# DFW Aquatic Plant Club Meeting July 22nd in Mesquite



## bsboust (Nov 26, 2014)

DFW Aquatic Plant Club Meeting July 22nd Meeting In Mesquite

The July 2017 DFW Aquatic Plant Club meeting will be held at at the home of Danny Griffin (mooncon) in Mesquite, Texas on Saturday July 22nd at 1 PM. 
As no meeting subject has been set, suggestions are welcome. Drawings for door prizes and the plant swap will be held at the end of the meeting and both are limited to DFW-APC members. Please bring drinks or a snack to share and be sure to sign in when you arrive as the numbered signature sheet will be used to award door prizes.
DFW-APC members will receive an email with meeting details including the address. For others wishing to attend please send a PM request to Crownman or bsboust via dfwfishbox or dfwapc for the address.

Brad Boustead (bsboust)
Secretary DFW Aquatic Plant Club


----------



## fishyjoe24 (May 18, 2010)

I'll be bring some mon. carlo fore ground, rotala , and some java,and african fern.


----------



## CrownMan (Sep 12, 2005)

I have a couple of Red Wag Sword Trios (one male and two females) I can bring and some Endlers if anyone would like them. I have some young platinum mollies and marble mollies that are too young to sex yet that I can bring as well.

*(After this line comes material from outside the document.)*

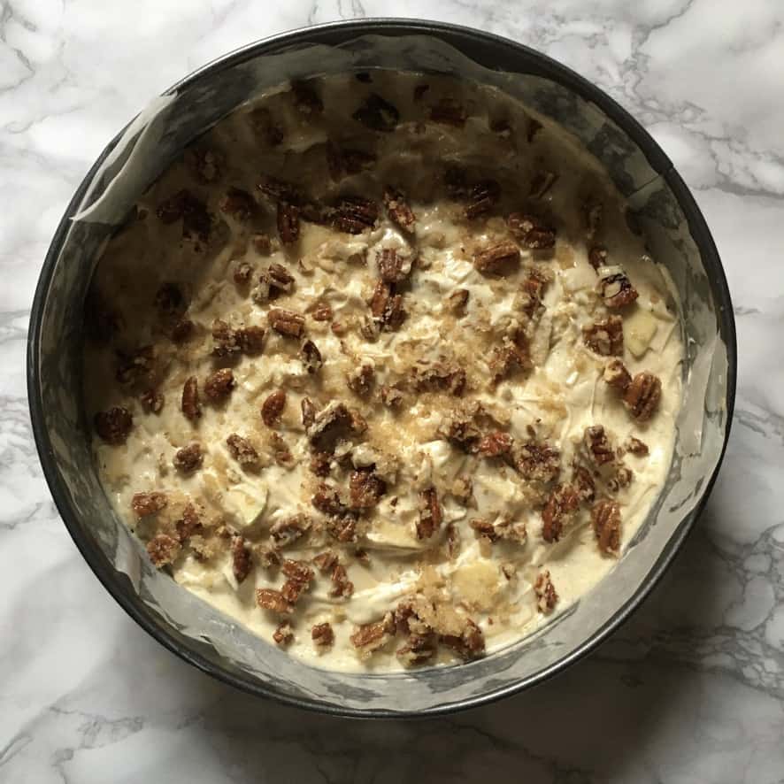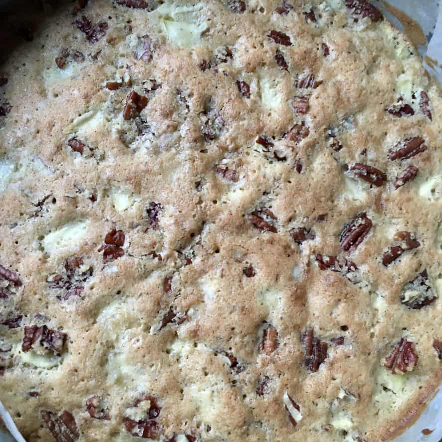 - Decorate the top + bake. Sprinkle the Pecan Crunch evenly over the top of the cake batter and bake for 30-40 minutes, or until golden brown and a cake tester comes out clean. Remove the cake to a wire rack and allow it to cool to room temperature. Once cooled, remove the ring and the parchment paper from the sides of the springform pan. Carefully invert the cake, remove the parchment paper and place it right side up on a serving platter. Serve warm or at room temperature by itself or with a dollop of whipped cream or scoop of vanilla bean ice cream and Enjoy!

Also I will be bringing a collection of plants from my 40 gallon breeder which includes a number of mid size crypts, bacopa and one or two different types of Bucephalandra.


----------



## MacFan (Jul 30, 2006)

Anyone have any shrimp they want to sell? I had a nice cherry colony but lost it fighting Ich. My Amano shrimp are happy, but that's it. I bought 10 blue shrimp a while ago, but while I saw one some time after adding them, they're small and I can't tell if they're still alive, reproducing, etc. I do have a small tank I may setup as a shrimp tank and breed them there first. I'm probably not up for Crystal shrimp at present, even though I love them.


----------



## MacFan (Jul 30, 2006)

I renewed my membership at the meeting in May I think? but haven't received any emails from the club, so I'm not sure if I've been added to the mailing list or not.


----------



## stmarshall (Jan 24, 2012)

i will say one thing about this past meeting. or a meeting with n topic I learned a whole lot about stuff. I thank the host for his place and loved the dogs and all who came. Can't wait until our next meeting.


----------



## MacFan (Jul 30, 2006)

At the meeting, some people mentioned a desire for clear acrylic LED light mounts. Where can I learn more about what is required for those? If there is a market for it, we can probably develop a solution.


----------



## CrownMan (Sep 12, 2005)

MacFan, the LED light extensions that Brad were talking about are on the www.elevateshrimp.com website. They make and sell a variety of what looks like 3D printer made objects such as moss walls, water bucket hose guides and Finnex light extenders, etc. A lot of club members have the finnex lights on their tanks. Brad has at least 1 pair of them and the next meeting in September is at his home.


----------